### Action item
Wherever a picture appears in the listing, leave it out, and copy the rest exactly.

(Beginning of Supplied data)

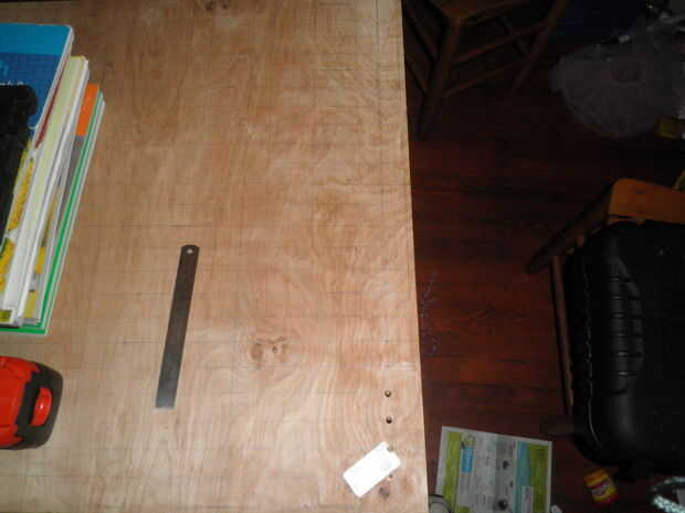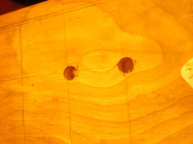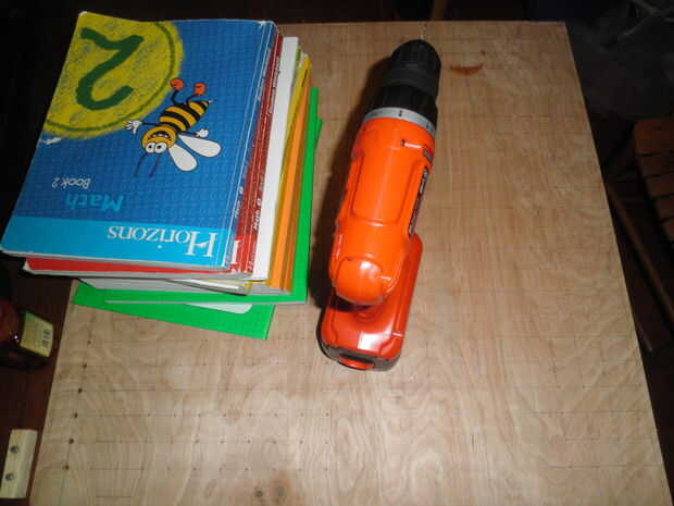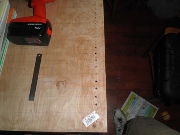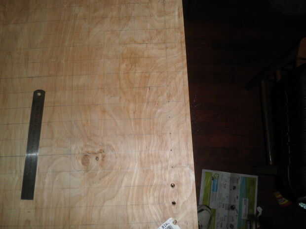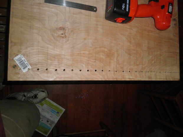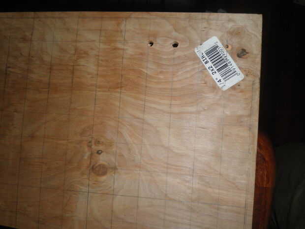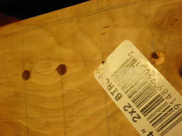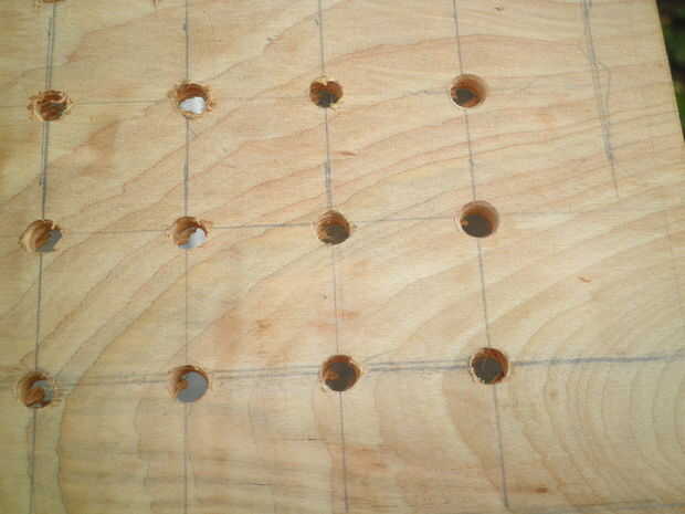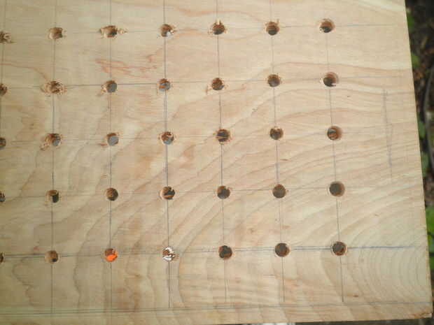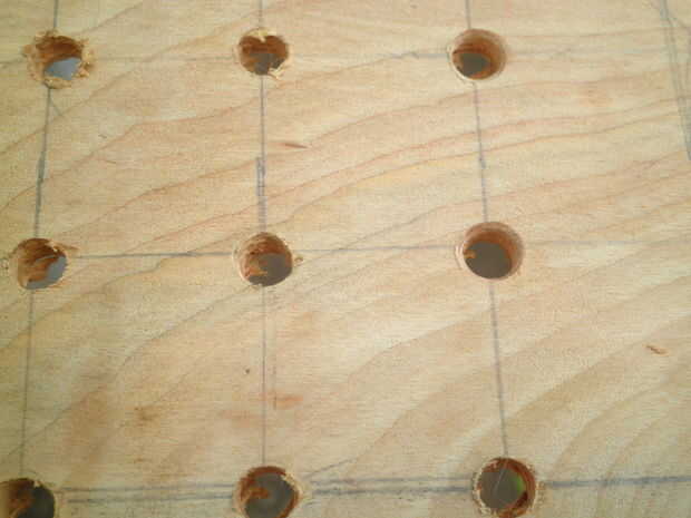 Ahora necesitará unos agujeros guía de taladro. Tomar la broca más pequeña, los más grandes tienden a saltar sobre y ruinas de todos que el tiempo que hacer esta cuadrícula agradable. Utilice el taladro con broca más pequeño un agujero en cada punto de intersección de las líneas de cuadrícula. Entonces usando la broca más grande del taladro hacia fuera lentamente. Si vas demasiado rápido, la madera se astilla y estropear la superficie del tablero. Para mantener la parte posterior de la Junta de fragmentación pone en un pedazo de madera que no te importa perforación agujeros en. Si usted no tiene que tendrá que vivir con la fragmentación en la parte posterior de la Junta.
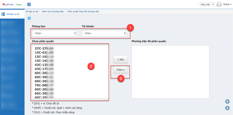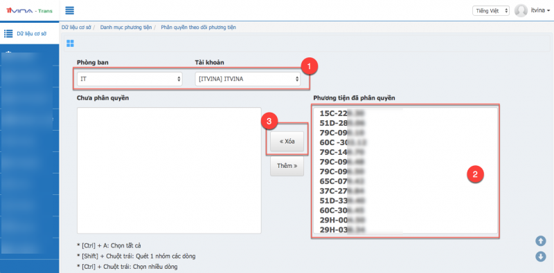 Chọn phòng ban và tài khoản người dùng muốn thay đổi quyền xem phương tiện (1) -> Nhấn chọn vào 1 phương tiện hoặc nhấn giữ phím shift đồng thời nhấn chọn cùng lúc nhiều phương tiện ở vùng (2) -> Nhấn “Xoá” (3):
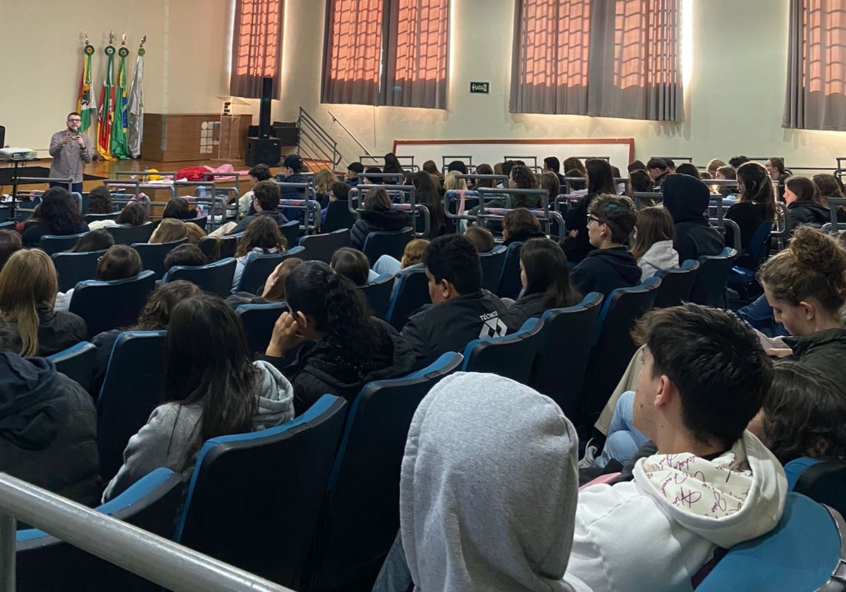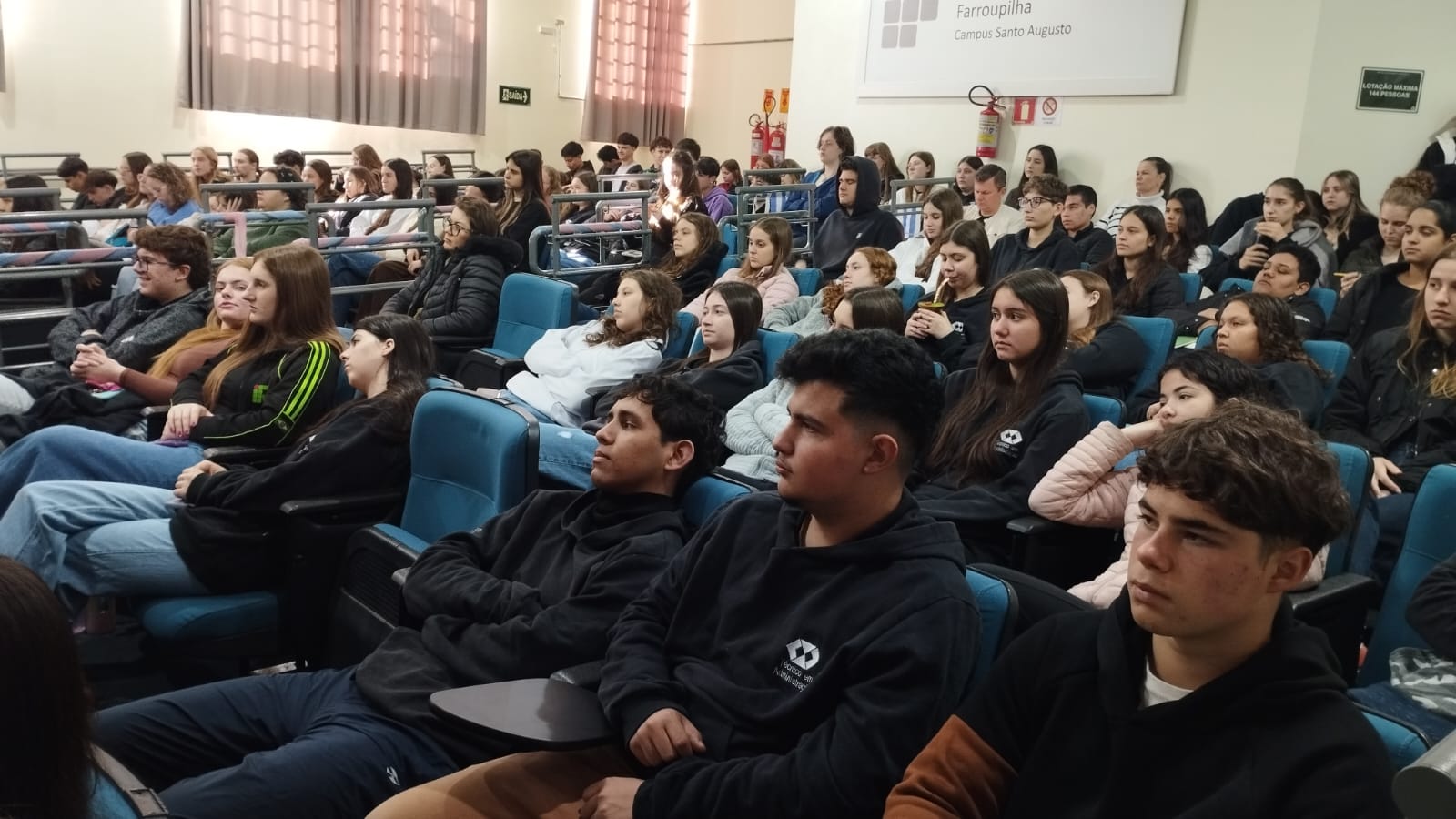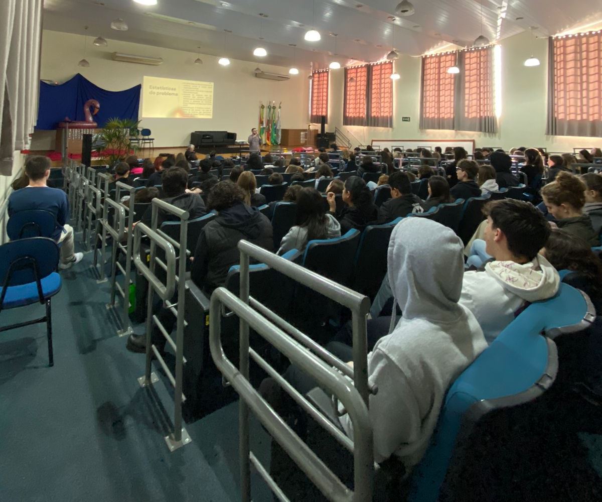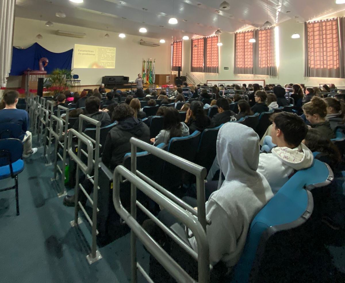 Os estudantes dos cursos técnicos integrados ao ensino médio participaram na parte da manhã no auditório da instituição de uma palestra, com o tema “Quebrando o Ciclo - Enfrentando a Violência Contra a Mulher”, ministrada pelo professor de Administração e Direito, Gabriel Maçalai, que falou sobre os tipos de violência e apresentou dados sobre a violência doméstica no Brasil.

(End of Supplied data)

### Solution
 Ahora necesitará unos agujeros guía de taladro. Tomar la broca más pequeña, los más grandes tienden a saltar sobre y ruinas de todos que el tiempo que hacer esta cuadrícula agradable. Utilice el taladro con broca más pequeño un agujero en cada punto de intersección de las líneas de cuadrícula. Entonces usando la broca más grande del taladro hacia fuera lentamente. Si vas demasiado rápido, la madera se astilla y estropear la superficie del tablero. Para mantener la parte posterior de la Junta de fragmentación pone en un pedazo de madera que no te importa perforación agujeros en. Si usted no tiene que tendrá que vivir con la fragmentación en la parte posterior de la Junta.
 Chọn phòng ban và tài khoản người dùng muốn thay đổi quyền xem phương tiện (1) -> Nhấn chọn vào 1 phương tiện hoặc nhấn giữ phím shift đồng thời nhấn chọn cùng lúc nhiều phương tiện ở vùng (2) -> Nhấn “Xoá” (3):
 Os estudantes dos cursos técnicos integrados ao ensino médio participaram na parte da manhã no auditório da instituição de uma palestra, com o tema “Quebrando o Ciclo - Enfrentando a Violência Contra a Mulher”, ministrada pelo professor de Administração e Direito, Gabriel Maçalai, que falou sobre os tipos de violência e apresentou dados sobre a violência doméstica no Brasil.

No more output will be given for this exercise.